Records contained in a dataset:
· · · · · · ·

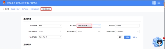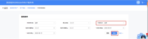 进入功能界面后,您可选择申报日期范围、税款所属期等筛选条件。如果需要根据申报表名称进行查询,点击【展开】进行申报表的选择,点击【查询】,对已完成申报的申报表信息进行查询。
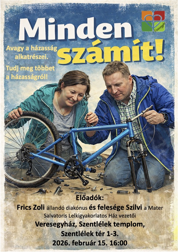 Ne egy órás előadásra számítsatok: kaptok majd páros feladatokat, sőt, egy kis versenyhelyzetre is felkészülhettek, ahol házaspáros lelkigyakorlatot nyerhettek!
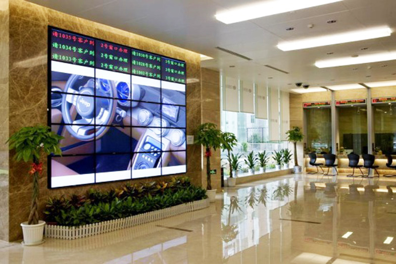 液晶拼接屏入駐銀行內(nèi)部,不僅加強了銀行信息傳播能力,提升了客戶的信任度,也給銀行的安全帶去了強有力的保障!
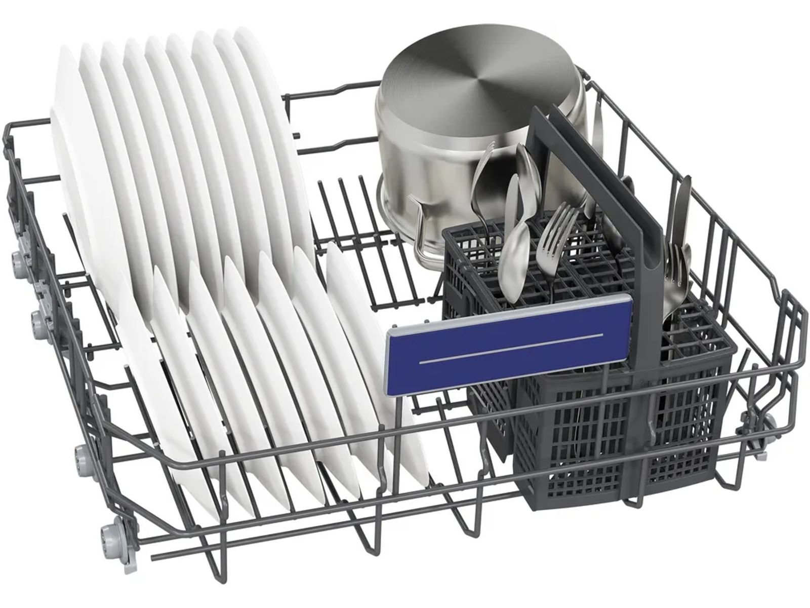 De bovenkorf is voorzien van drie splitsbare en inklapbare plateaus en twee rijen neerklapbare bordenpinnen. De onderkorf heeft vier rijen neerklapbare bordenpinnen. Dit biedt maximale flexibiliteit bij het inruimen. Bovendien kunt u de korven dankzij de handgrepen gemakkelijker uittrekken.
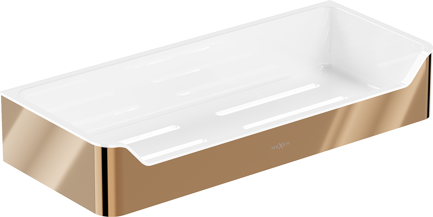Mexen Rivon-L koupelnový košík je elegantní a funkční řešení pro každou koupelnu. Díky výrobě z nerezové oceli AISI 304 a plastu se produkt vyznačuje trvanlivostí a odolností proti zmatnění a korozi. Povrchová úprava v růžovém zlatě dodává luxusní charakter. Košík má šířku 30,5 cm, výšku 5,5 cm a vzdálenost od zdi 13 cm, díky čemuž je ideální pro umístění na zeď. Police s otvory umožňuje rychlý odvod vody, což zvyšuje její funkčnost.
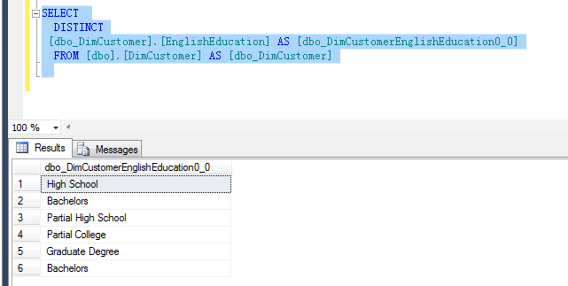 复制出来的脚本是个distinct查询,执行后如下图所示,问题来了,不难发现第2行和第6行都是Bachelors,的确是重复了(实际生产环境可能无法肉眼识别重复项),那么为什么distinct没起作用呢?
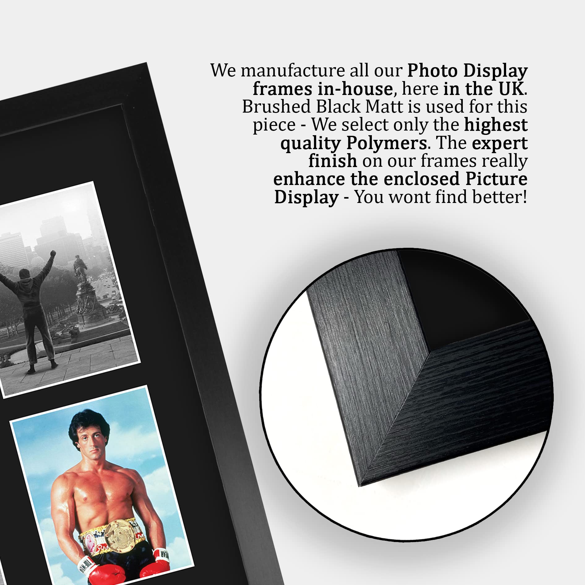 Detailed Design: The framed display features a series of four classic images with a central focal point and a metallic effect plaque detailing Stallone's career achievements.
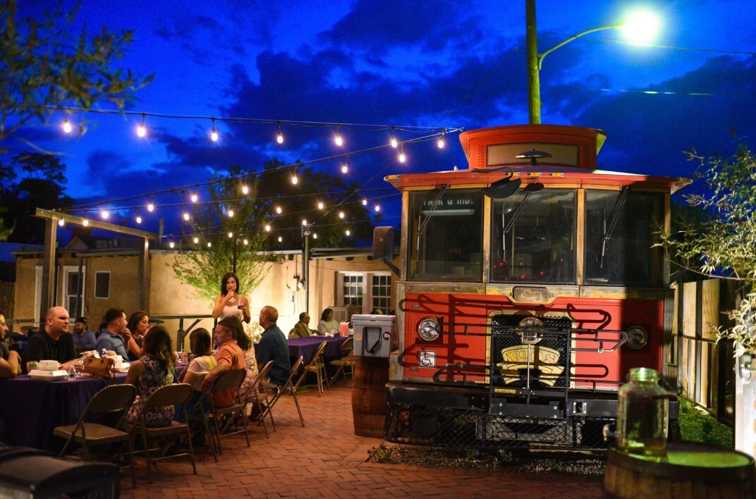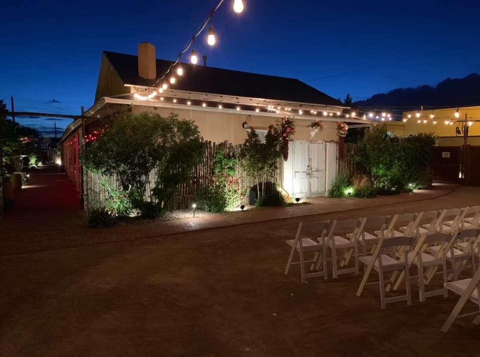 Celebrate your event on the storied grounds of a 19th century former brothel & saloon. Featuring three suites, fire pits, wedding arches, historic trolley car, painted lady mural, glamping tent and more.
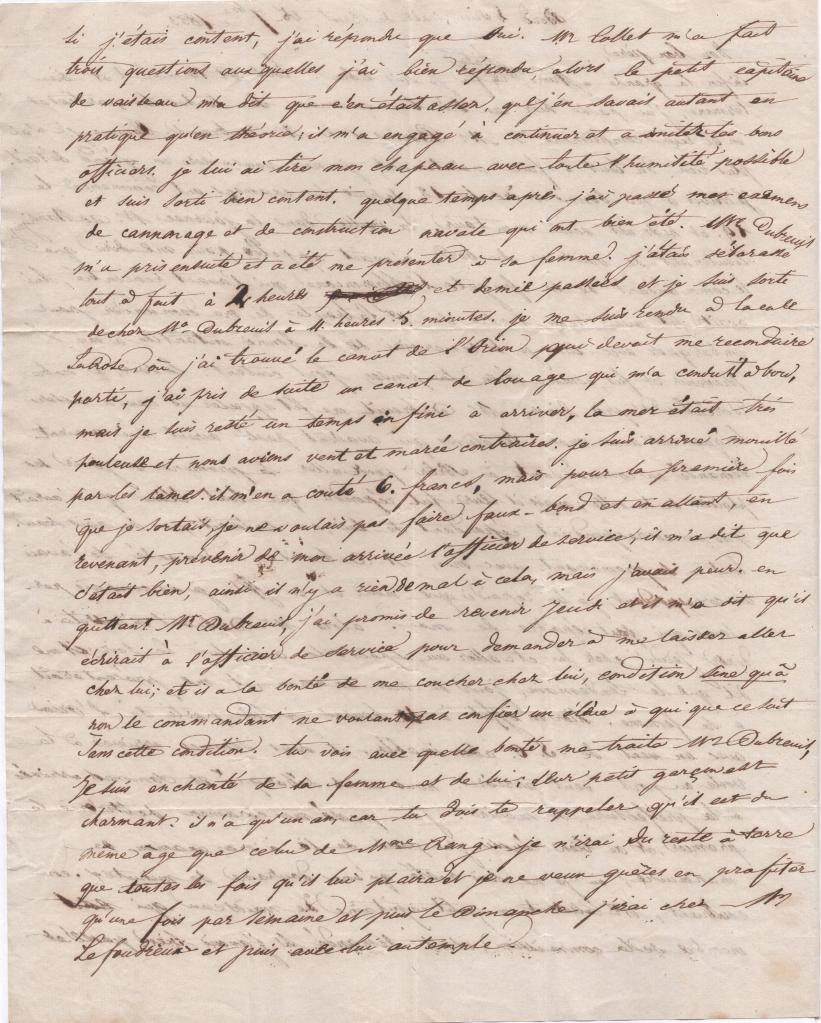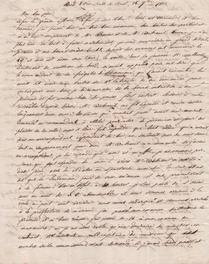 Enfin la grande affaire est faite, enfin je suis libre ! Tout est terminé ! Et bien terminé, j’ai passé hier un très bon examen sur toutes les parties et en ai reçu compliment de M. Borius et de M. Dubreuil. Comme je n’ai plus rien du tout à faire maintenant, je vais vous écrire en grand détail. J’écrivis à ma bonne mère le 18, depuis les examens ont commencé le 19 et hier est venu mon tour. La veille dans la journée M. De Mansigny, Lieutenant de Vaisseau du bord, m’avait appelé pour me dire que le commandant de la frégate l’Hermione, qui l’avait rencontré, lui avait dit avoir reçu l’ordre de M. Latreyte de me demander pour embarquer avec lui ; je le remerciais de sa bonne intention à me prévenir et fus, comme bien tu penses, fort content. Le soir, à notre récréation d’après dîner, M. Dubreuil me fit appeler et causa assez longuement avec moi. Les élèves qui avaient passé avant moi avaient demandé au commandant à sortir pour aller se promener et jouir des plaisirs de la ville; mais il leur fut répondu que tout élève qui n’aurait pas un correspondant répondant de lui, ne sortirait pas du vaisseau. Tout en se promenant avec moi, M. Dubreuil m’a demandé si j’avais un correspondant, je lui répondis que non. Et en effet je ne connais personne qui put répondre de moi. Alors M. Dubreuil m’invita à dîner jeudi chez lui et à aller au spectacle avec lui le soir : il me dit que le lendemain, jour de mon examen, il me présenterait à sa femme. Hier en effet à 10 heures je suis parti de l’Orion avec un vent de S.O. abominable, et nous sommes arrivés à la voile au port vent arrière. Nous avons débarqué et sommes arrivés à la préfecture de marine. J’ai passé mon examen de théorie le premier, et ai bien réussi. J’ai passé de là mon examen de manœuvre, où je ne suis resté qu’une douzaine de minutes. En entrant, M. Collet et un petit capitaine de vaisseau qui est membre de la commission, m’ont demandé si j’avais bien passé et si j’étais content, j’ai répondu que oui. M. Collet m’a fait trois questions auxquelles j’ai bien répondu, alors le capitaine de vaisseau m’a dit que c’en était assez, que j’en savais autant en pratique qu’en théorie ; il m’a engagé à continuer et à imiter les bons officiers. Je lui ai tiré mon chapeau avec toute l’humilité possible et suis sorti bien content. Quelque temps après j’ai passé mes examens de canonnage et de construction navale qui ont bien été. M. Dubreuil m’a pris ensuite et a été me présenter à sa femme. J’étais débarrassé tout à fait à 4 heures et demie passée et je suis sorti de chez M. Dubreuil à 11 heures 5 minutes. Je me suis rendu à la cale La Rose, où j’ai trouvé le canot de l’Orion qui devait me reconduire parti, j’ai pris de suite un canot de louage qui m’a conduit à bord, mais je suis resté un temps infini à arriver, la mer était très houleuse et nous avions vent et marée contraires. Je suis arrivé mouillé par les lames. Il m’en a coûté 6 francs, mais pour la première fois que je sortais, je ne voulais pas faire faux-bond et en allant, en revenant, prévenir de mon arrivée l’officier de service, il m’a dit que c’était bien, ainsi il n’y a rien de mal à cela, mais j’avais peur. En quittant M. Dubreuil, j’ai promis de revenir jeudi et il m’a dit qu’il écrirait à l’officier de service pour demander à me laisser aller chez lui ; et il a la bonté de me coucher chez lui, condition sine qua non le commandant ne voulant pas confier un élève à qui que ce soit sans cette condition. Tu vois avec quelle bonté me traite M. Dubreuil, je suis enchanté de sa femme et de lui; leur petit garçon est charmant. Il n’a qu’un an, car tu dois te rappeler qu’il est du même âge que celui de Mme Rang. Je n’irai du reste à terre que toutes les fois qu’il lui plaira et je ne veux guère en profiter qu’une fois par semaine et puis le dimanche j’irai chez M. Lefourdrey et puis avec lui au temple.
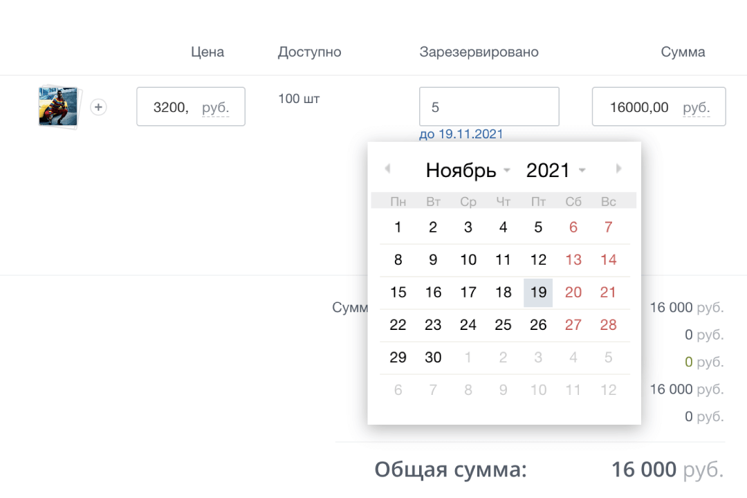 Резервирование товара

· · · · · · ·

— About this task —
Return exactly the lines above, from the one with "Ne egy órás" up to and including the one with "液晶拼接屏入駐銀行內(nèi", and include no pictures.

— Output for this task —
 Ne egy órás előadásra számítsatok: kaptok majd páros feladatokat, sőt, egy kis versenyhelyzetre is felkészülhettek, ahol házaspáros lelkigyakorlatot nyerhettek!
 液晶拼接屏入駐銀行內(nèi)部,不僅加強了銀行信息傳播能力,提升了客戶的信任度,也給銀行的安全帶去了強有力的保障!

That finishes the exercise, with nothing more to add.